Advantages of posterior-only procedure include less blood loss and shorter hospitalization and operative time. Other advantages are adequate decompression of spinal cord, correction of spinal deformity, reconstruction of spinal stability and improvement of patients’ quality of life. Posterior-only procedure may be better in cases with less involved anterior column, which is almost always achieving spontaneous fusion [23, 24]. However, there is a possible risk of TB spreading to posterior healthy area, resulting in infection diffusion and/or fistulas [25]. In this research, the operation time, bleeding and complication rate were less than other groups, and group C achieved the same satisfactory kyphosis correction as group B during the follow-up period.

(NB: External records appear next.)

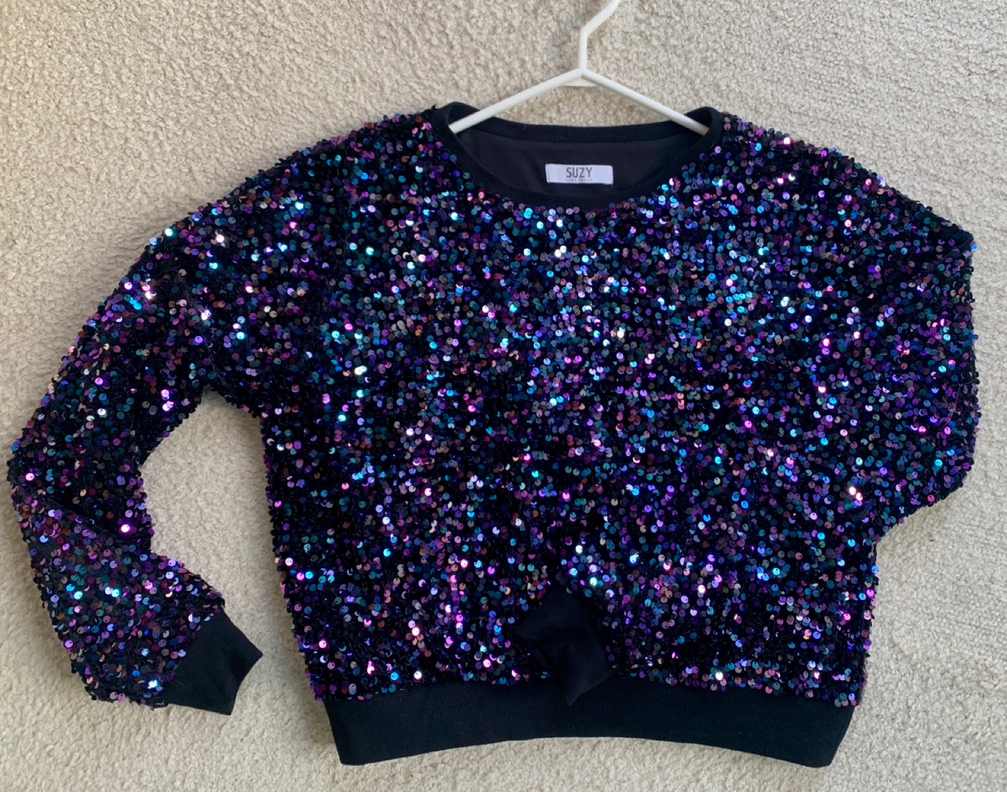 Sequin sweater. Long sleeves, crew neck. Black ribbed cuffs and hem. Lined inside. Very comfy. Worn once then hand washed.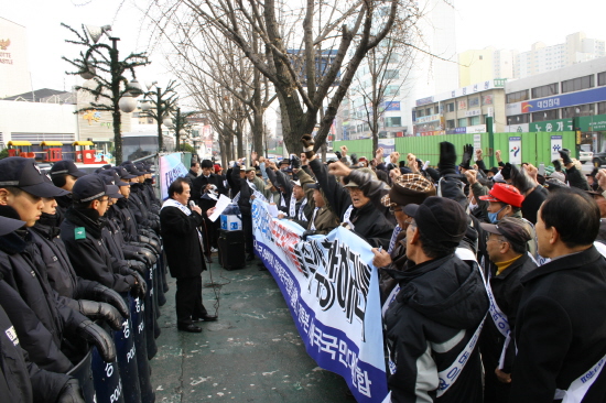 ȸ¿øµéÀº '°£Ã¸Á¤´ç ¹Î³ë´ç¿ø, Çѳª¶ó´ç º¸Á°üÀÌ À¢¸»À̳Ä''¾Ö±¹¼¼·Â ½Ç¸Á½ÃŲ Çѳª¶ó´ç ¹Ú»ì³»ÀÚ''À¢°® Àâ»õ µý³ª¶ó´ç, ¾Ö±¹´Üü Åë°îÇÑ´Ù" µîÀÇ ±¸È£¸¦ ¿ÜÄ¡¸ç Çѳª¶ó´ç °Àç¼· ´ëÇ¥ÀÇ Áï°¢ÀûÀÎ »ç°ú¸¦ Ã˱¸Çß´Ù.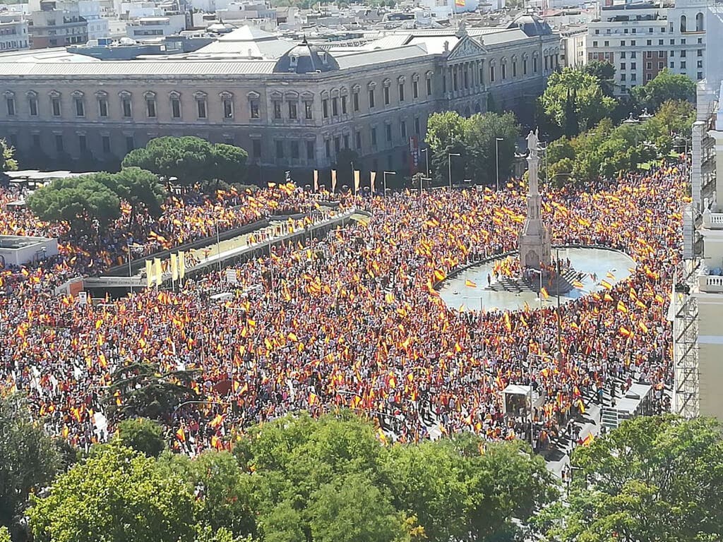 La fundación explica que la manifestación tendrá lugar a las 12 horas y recuerda que en la concentración del pasado 7 de octubre, también en la Plaza de Colón, acudieron decenas de miles de personas, ataviadas con banderas, camisetas y gorras, entre otros artículos, con los colores de la bandera de España.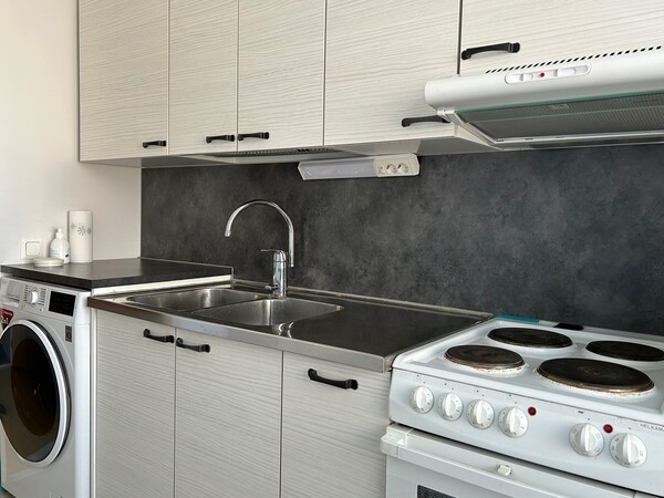 Keittiö on uusittu vuonna 2018, mutta kuten hinnasta voi päätellä, paljon on ihan alkuperäistäkin jäljellä..

Our research has some limitations. First, this study was a retrospective rather than a prospective cohort study. Second, operations at each centre were performed by the respective senior medical teams of the 6 different centres, that may result in a certain degree of bias because of differences in their surgical proficiency.

Conclusions

This multicentre retrospective study showed that the posterior-only approach can be an effective treatment method for thoracolumbar junction (T12-L1) TB patients, with good neurologic recovery, avoidance of kyphosis progression and few complications.